Baron decided to analyze the daily effect of exercise after hearing her patients with insomnia complain the exercise she recommended didn’t help them right away.

“They’d say, ‘I exercised so hard yesterday and didn’t sleep at all,’” Baron said. “The prevailing thought is that exercise improves sleep, but I thought it probably wasn’t that simple for people with insomnia.”

Why does it take time for exercise to impact sleep? 

“Patients with insomnia have a heightened level of brain activity and it takes time to re-establish a more normal level that can facilitate sleep,” Zee said. “Rather than medications, which can induce sleep quickly, exercise may be a healthier way to improve sleep because it could address the underlying problem.”

The study participants were older women, who have the highest prevalence of insomnia. Exercise is an optimum approach to promote sleep in an older population because drugs can cause memory impairment and falls. Baron thinks the results also could apply to men because there is no evidence of gender differences in behavioral treatments for insomnia.

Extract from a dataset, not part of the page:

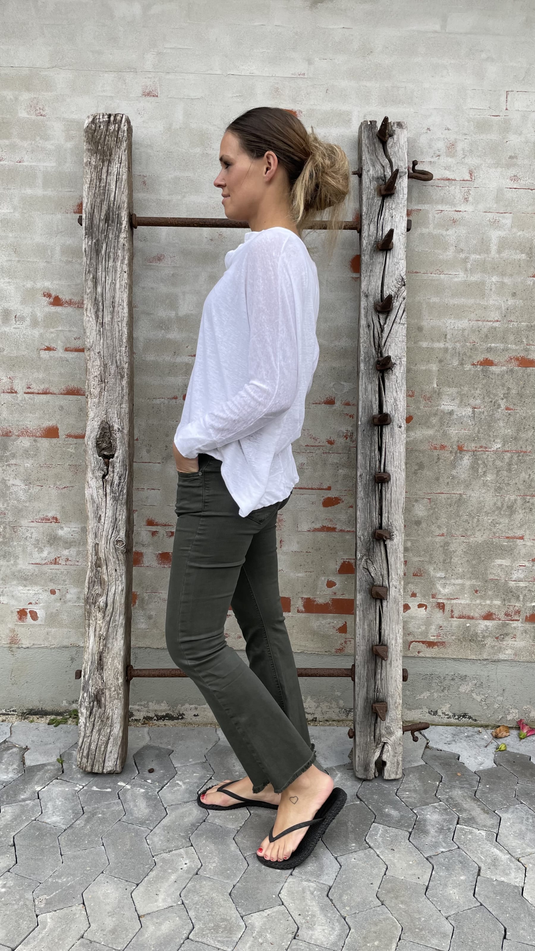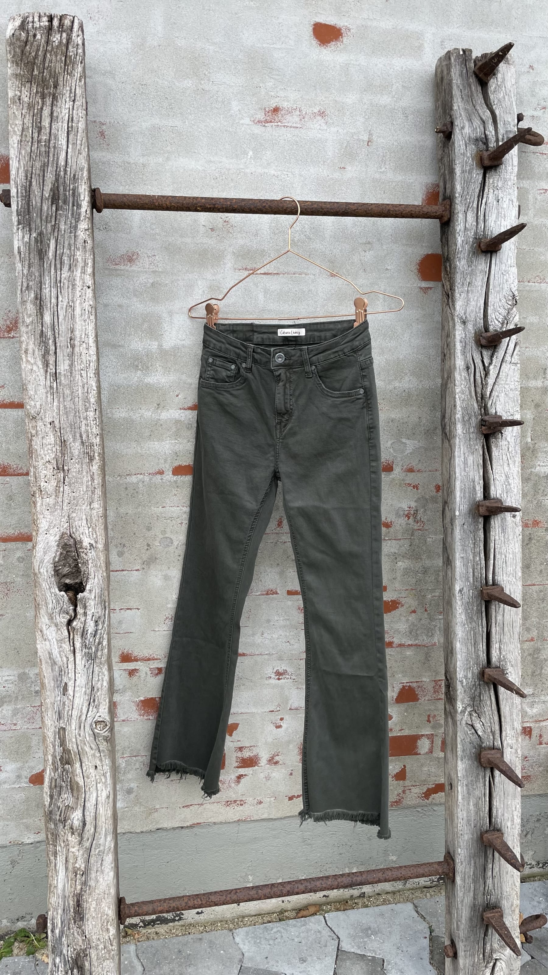 Bootcut jeans med 5 lommer og frynser nederst på bena. 7/8 dels lengde på bena.

For the study, Baron performed an analysis of data from a 2010 clinical trial (by the same group of Northwestern researchers on the current paper) that demonstrated the ability of aerobic exercise to improve sleep, mood, and vitality over a 16-week period in middle-age-to-older adults with insomnia. She and colleagues examined the daily sleep data from 11 women ages 57 to 70.  

The key message is that people with sleep disturbances have to be persistent with exercise.

“People have to realize that even if they don’t want to exercise, that’s the time they need to dig in their heels and get themselves out there,” Baron said. “Write a note on your mirror that says ‘Just Do It!’ It will help in the long run.”

This study was supported by National Institute of Health grants T32AG020506 and P01 AG11412 from the National Institute on Aging; 1K23HL109110 and K23 HL091508 from the National Heart, Lung and Blood Institute; and grants M01 RR00048 and UL1RR025741 from the National Center for Advancing Translational Science.